Contrôle strict et aide massive

Les migrations sont exemplaires des risques du XXIe siècle qui relèvent d'une stratégie
globale. Au plan national, chaque État doit rester libre de définir sa politique migratoire, en
fonction de sa démographie, des besoinsde son économie, de sa culture et de son histoire, y
compris en fixant des objectifs chiffrés pour tenir compte de ses capacités d'accueil.
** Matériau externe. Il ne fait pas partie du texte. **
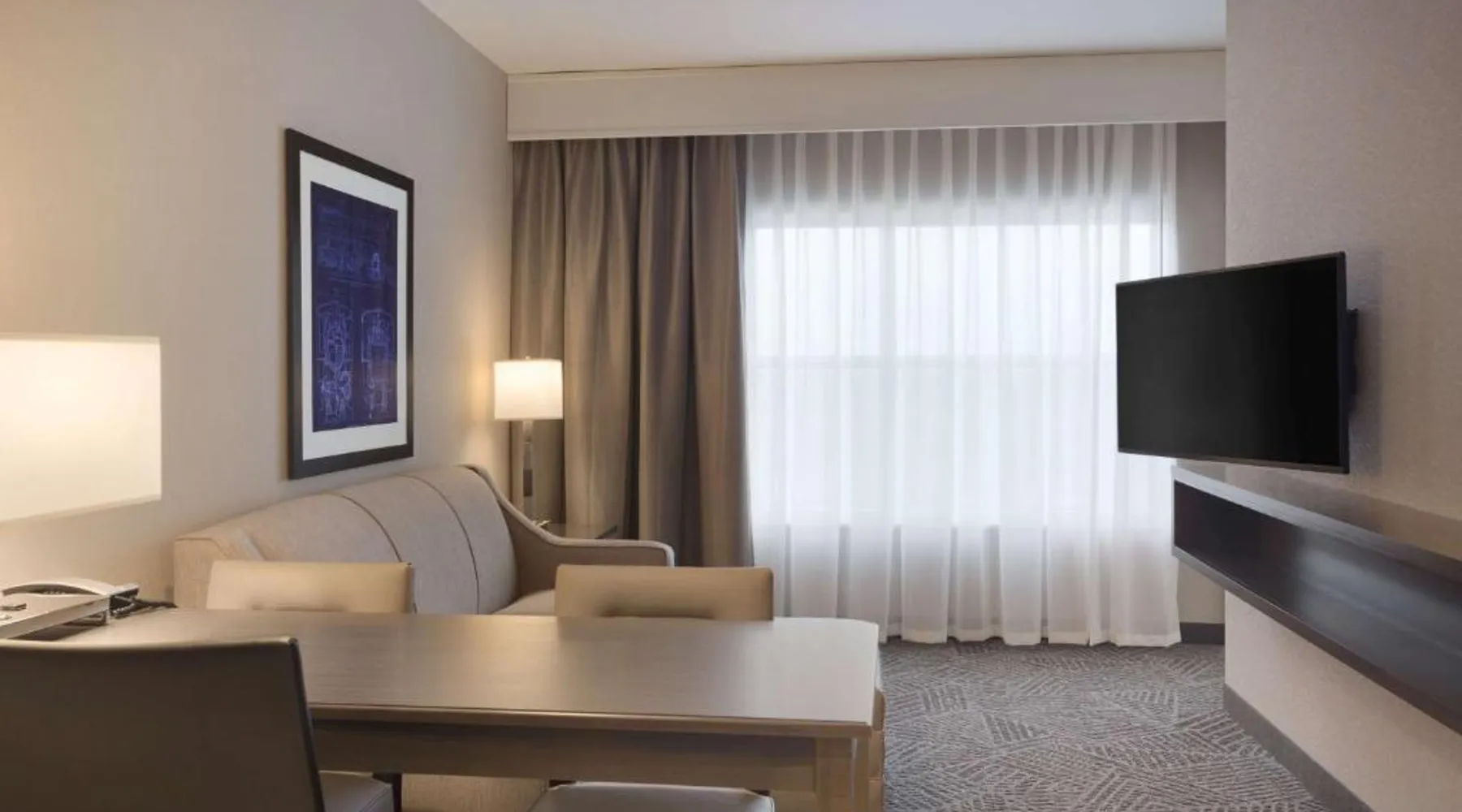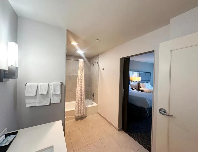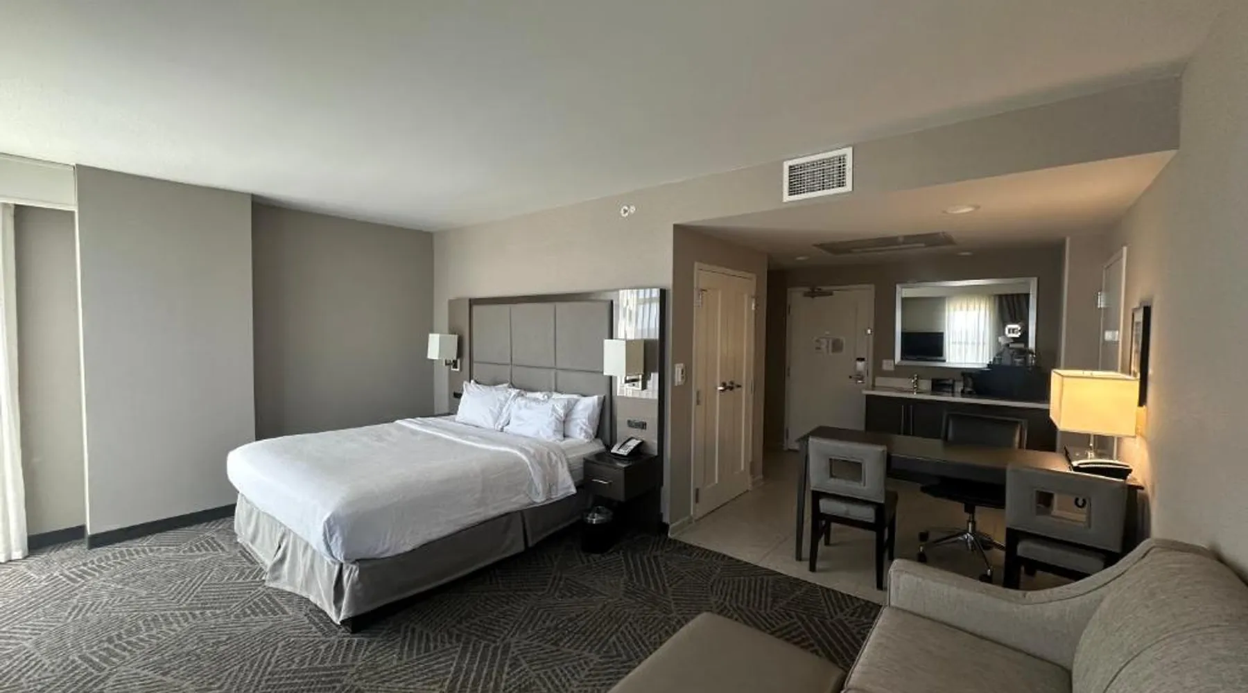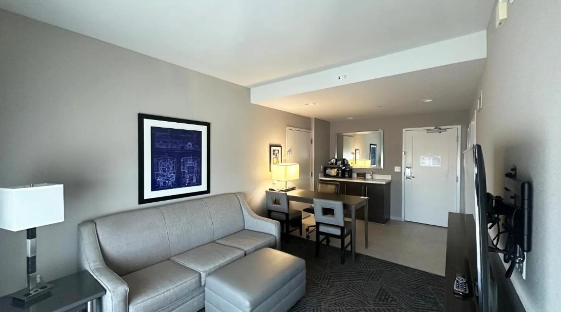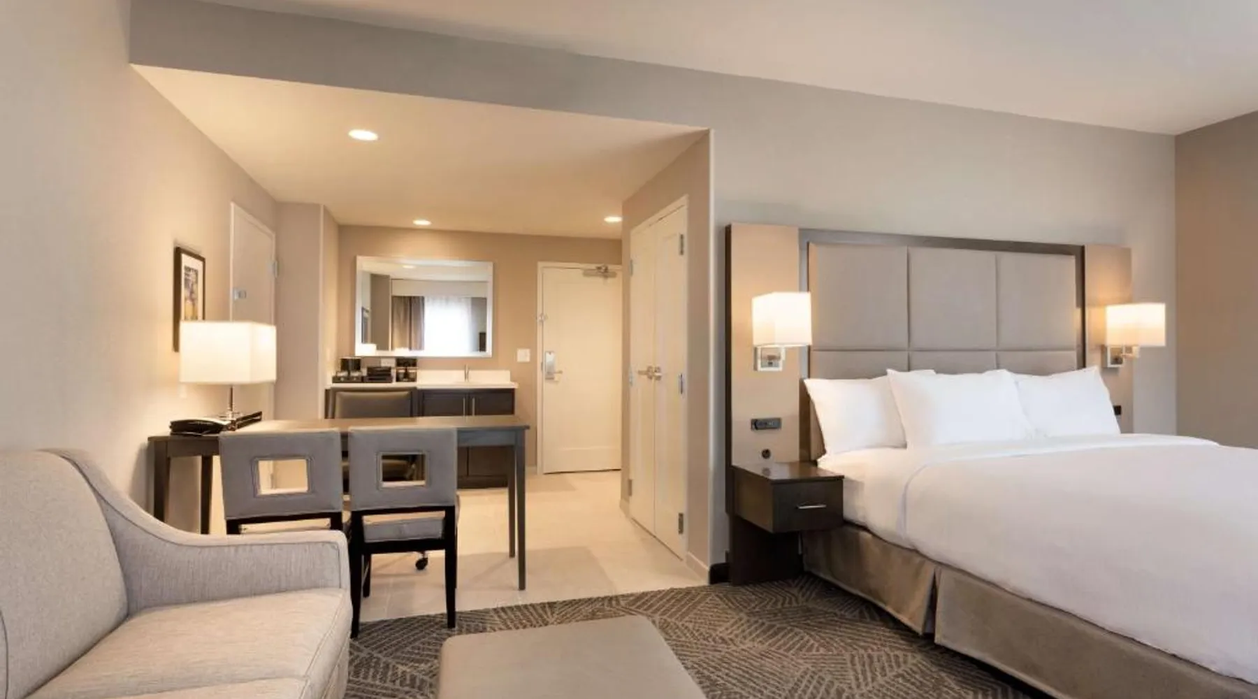Comfortable Accommodations: Rooms feature air-conditioning, free WiFi, sofa beds, and work desks. Additional amenities include free toiletries, microwaves, and TVs. Dining and Leisure: The family-friendly restaurant serves American cuisine with a buffet breakfast. Guests can also enjoy the indoor swimming pool, fitness center, terrace, and bar. Convenient Location: Located in Olathe, the hotel is 29 mi from Kansas City International Airport. Nearby attractions include the National World War I Museum at Liberty Memorial (18 mi) and Union Station Kansas City (19 mi). Guest Services: The property offers a 24-hour front desk, free on-site parking, room service, and a business area. Additional facilities include a hot tub, fitness room, and minimarket. This suite is air-conditioned and features a flat-screen TV with cable channels, a seating area and a safe deposit box. The unit offers 2 beds.
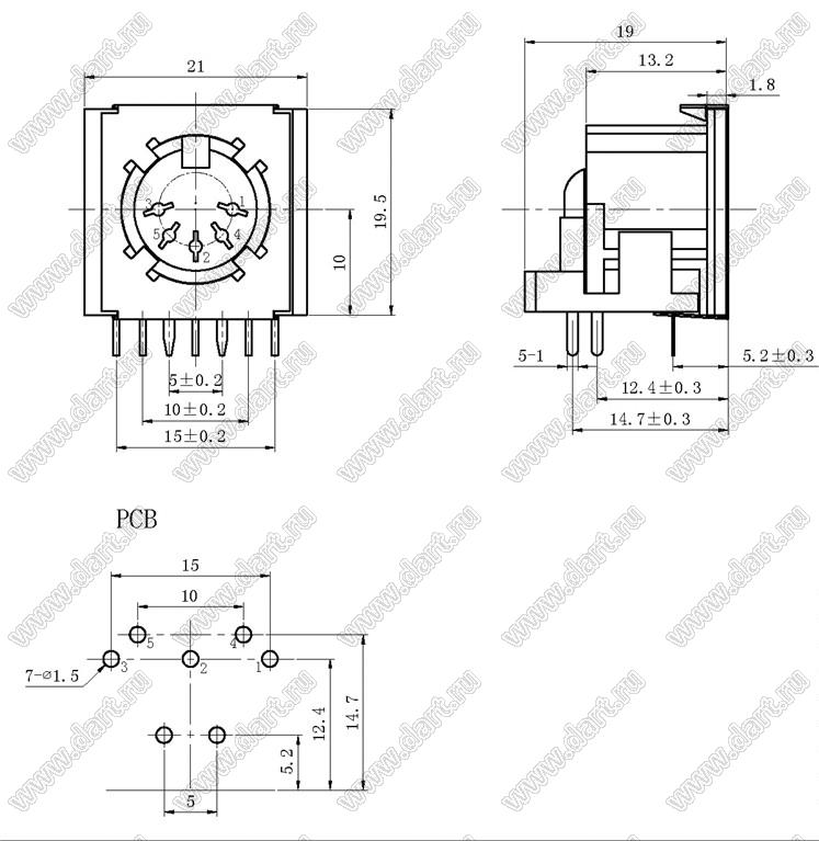 Каталог > Электронные компоненты, радиодетали > Разъёмы (соединители, переходники) > Разъемы DIN круглые > Розетки DIN на плату > DS-5-03A-05-1
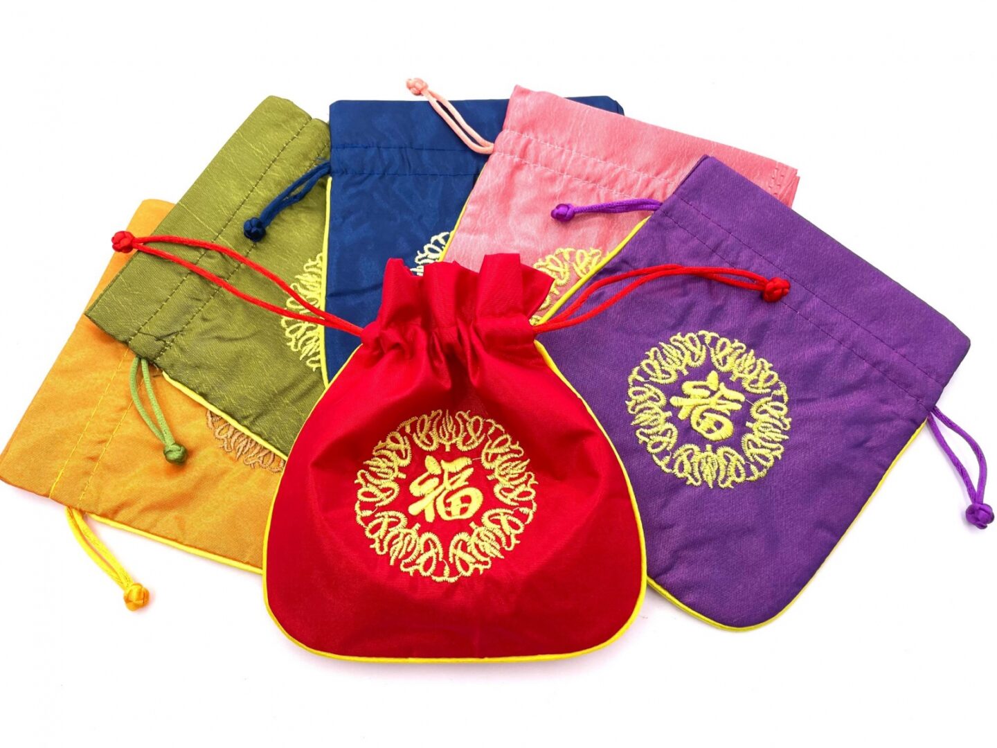 Deze mooie buidels met het ‘Fu’ geluksteken zijn ideaal om kleine spullen erin te bewaren zoals edelstenen of sieraden.
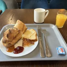 Обслуживание: Персонал очень дружелюбный и отзывчивый. Номер и ванная комната были очень чистыми, явно регулярно убирались – большой палец вверх! Утром был предложен простой завтрак: хлеб и горячий кофе, достаточно, чтобы сытно поесть.

Les
migrants ne doivent pas être livrés à eux-mêmes mais recensés, hébergés et formés s'ils
disposent d'un titre de séjour, reconduits sans délai s'ils ont été déboutés de leur demande:
or la Cour des comptes, dans un rapport publié fin 2015, a montré qu'alors que les trois
quarts des demandes d'asile sont rejetées, 96 % des déboutés restent sur le territoire
français. Au plan européen, la priorité doit aller au contrôle strict des frontières extérieures
et à une aide massive à la stabilisation politique et au développement des pays d'origine -
dont la contrepartie est l'acceptation du retour des clandestins et des déboutés. La
circulation des hommes, comme toute liberté, ne peut survivre que si elle est encadrée par
des institutions fortes et des règles effectives.